#### SOURCE DATA
═══

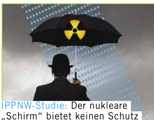
IPPNW-Studie: Der nukleare „Schirm“ bietet keinen Schutz

Mit dem Factsheet „Medizinische Folgen von Uranmunition“ informiert die IPPNW über die Einsätze von Uranmunition, deren mögliche gesundheitliche Folgen und neuere Forschungsergebnisse.
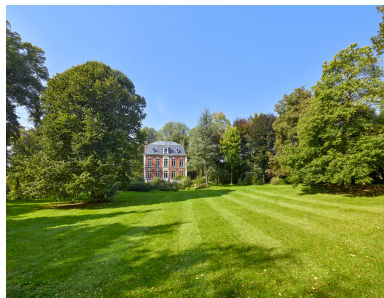
Vue de la demeure et du parc, depuis l'est. IVR32_20248001415NUCA
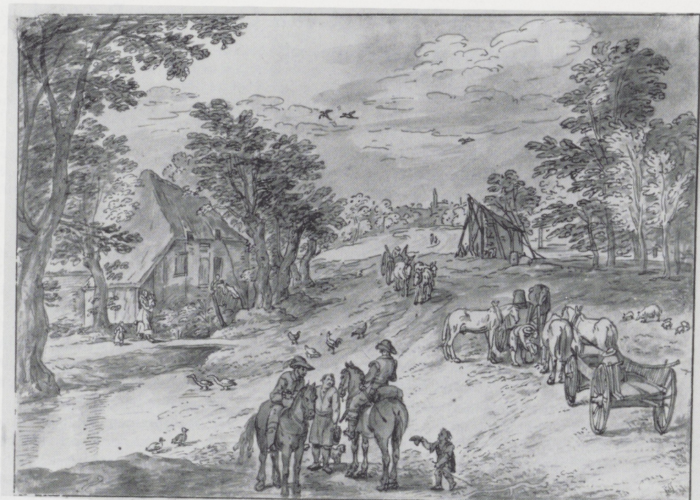
Afb. 1. Richard van Bleeck naar Jan Brueghel II, Rust op een landweg. Pen in bruin, penseel in grijs, 187 × 260 mm. Fondation Custodia, Parijs.

═══

Repeat word for word the lines from the one holding "Mit dem Factsheet" through the last line of the listing above, including both ends. Drop the pictures.

Mit dem Factsheet „Medizinische Folgen von Uranmunition“ informiert die IPPNW über die Einsätze von Uranmunition, deren mögliche gesundheitliche Folgen und neuere Forschungsergebnisse.
Vue de la demeure et du parc, depuis l'est. IVR32_20248001415NUCA
Afb. 1. Richard van Bleeck naar Jan Brueghel II, Rust op een landweg. Pen in bruin, penseel in grijs, 187 × 260 mm. Fondation Custodia, Parijs.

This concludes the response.